On 06/12/2013 11:55 AM, Julien Claassen wrote:
Hello everyone!
I just tried to give JACK a real cardname on the commandline instead
of the hw:0. Reason, there are several soundcards in that machine,
including USB devices. I looked at /proc/asound/cards and copied the
name "M1010LT". And then I ran this command:
jackd --timeout 4500 -R -d alsa -d M1010LT -r 48000 -p 128 -z shaped
Hi Julien,
Try
jackd -t 4500 -d alsa -d hw:M1010LT -p 128 -z shaped
You omitted the hw: part before the ALSA card name. I've omitted -R and
-r 48000 because those are default values.
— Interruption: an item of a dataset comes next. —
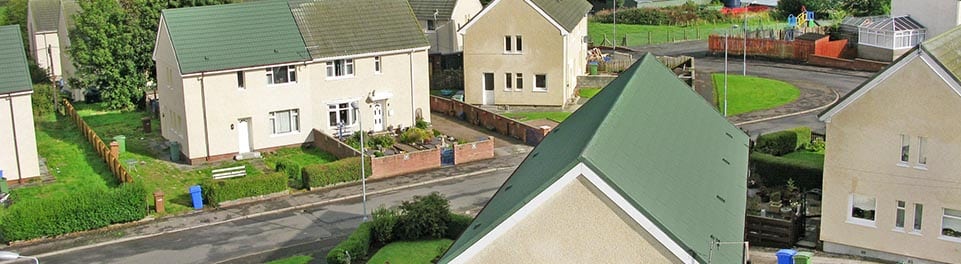 Local Authority Homes in Glasgow with Metrotile Lightweight Roofing Bond Green

JACK told me, that M1010LT caused an ALSA open error, since the
device was unknown. This is JACK1. JACK is run by a user with the
necessary rights and limits set. With -d hw:3 it works.
Whilst I'm here, I might as well ask, what the easiest way would be
to automatically start JACK, when the system boots? If that helps, the
system is running a graphical session and I believe, this could be the
case constantly. So if there's a typical solution involving that, it
could be a way.
Then it would be best to have JACK started by that particular session.
There are several ways to do this, probably starting JACK from .bashrc
would be the easiest way to set this up.
Regards,
Jeremy
Thanks for any help on either of those.